■ Extracted material:

◆ ◆ ◆

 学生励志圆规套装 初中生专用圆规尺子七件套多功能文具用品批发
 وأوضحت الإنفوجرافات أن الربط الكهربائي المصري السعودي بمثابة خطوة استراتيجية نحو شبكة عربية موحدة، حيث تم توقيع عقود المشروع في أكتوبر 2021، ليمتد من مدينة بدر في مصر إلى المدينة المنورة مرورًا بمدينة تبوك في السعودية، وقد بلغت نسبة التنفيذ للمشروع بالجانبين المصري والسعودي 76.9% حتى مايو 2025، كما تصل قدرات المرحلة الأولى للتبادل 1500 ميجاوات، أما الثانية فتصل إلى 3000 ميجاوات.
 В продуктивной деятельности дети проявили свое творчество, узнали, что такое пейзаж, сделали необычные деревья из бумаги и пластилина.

◆ ◆ ◆

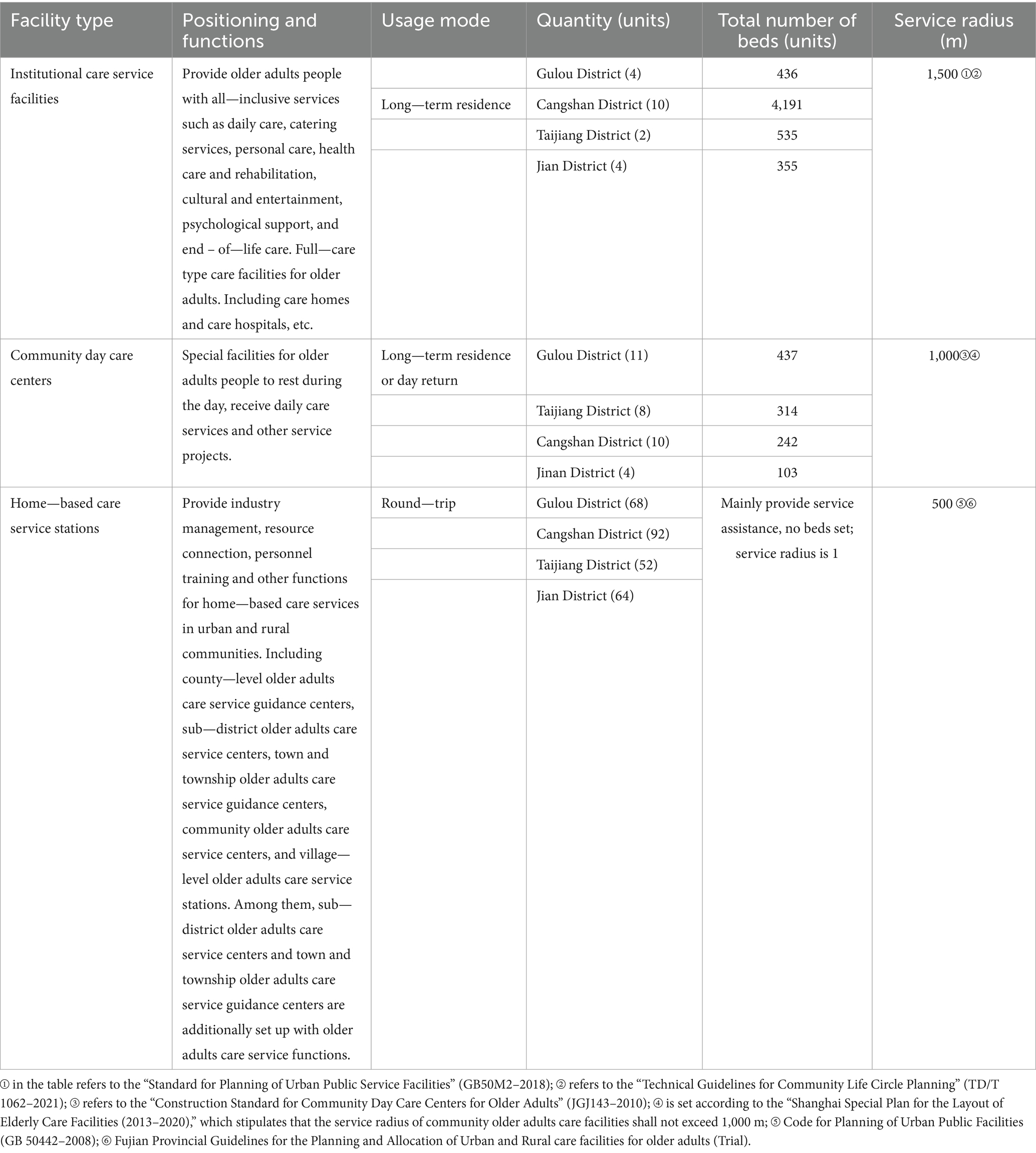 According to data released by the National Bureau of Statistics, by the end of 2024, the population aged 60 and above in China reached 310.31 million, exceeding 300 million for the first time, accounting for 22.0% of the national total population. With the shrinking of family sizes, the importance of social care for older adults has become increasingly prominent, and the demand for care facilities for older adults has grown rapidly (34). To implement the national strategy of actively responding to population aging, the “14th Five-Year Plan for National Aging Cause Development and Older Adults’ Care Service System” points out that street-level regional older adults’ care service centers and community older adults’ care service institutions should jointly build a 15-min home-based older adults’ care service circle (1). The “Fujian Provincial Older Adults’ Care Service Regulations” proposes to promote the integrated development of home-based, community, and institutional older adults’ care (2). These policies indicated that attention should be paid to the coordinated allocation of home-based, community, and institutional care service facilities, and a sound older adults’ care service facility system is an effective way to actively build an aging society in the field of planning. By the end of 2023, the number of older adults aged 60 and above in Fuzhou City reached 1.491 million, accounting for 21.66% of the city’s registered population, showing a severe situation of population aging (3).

◆ ◆ ◆

■ Brief: Nothing but the lines above from the one containing "学生励志圆规套装 初中生专用圆规尺子七件套多功能文具用品批发" through the one containing "В продуктивной деятельности" should appear in the answer, each repeated exactly.

■ Answer space:
 学生励志圆规套装 初中生专用圆规尺子七件套多功能文具用品批发
 وأوضحت الإنفوجرافات أن الربط الكهربائي المصري السعودي بمثابة خطوة استراتيجية نحو شبكة عربية موحدة، حيث تم توقيع عقود المشروع في أكتوبر 2021، ليمتد من مدينة بدر في مصر إلى المدينة المنورة مرورًا بمدينة تبوك في السعودية، وقد بلغت نسبة التنفيذ للمشروع بالجانبين المصري والسعودي 76.9% حتى مايو 2025، كما تصل قدرات المرحلة الأولى للتبادل 1500 ميجاوات، أما الثانية فتصل إلى 3000 ميجاوات.
 В продуктивной деятельности дети проявили свое творчество, узнали, что такое пейзаж, сделали необычные деревья из бумаги и пластилина.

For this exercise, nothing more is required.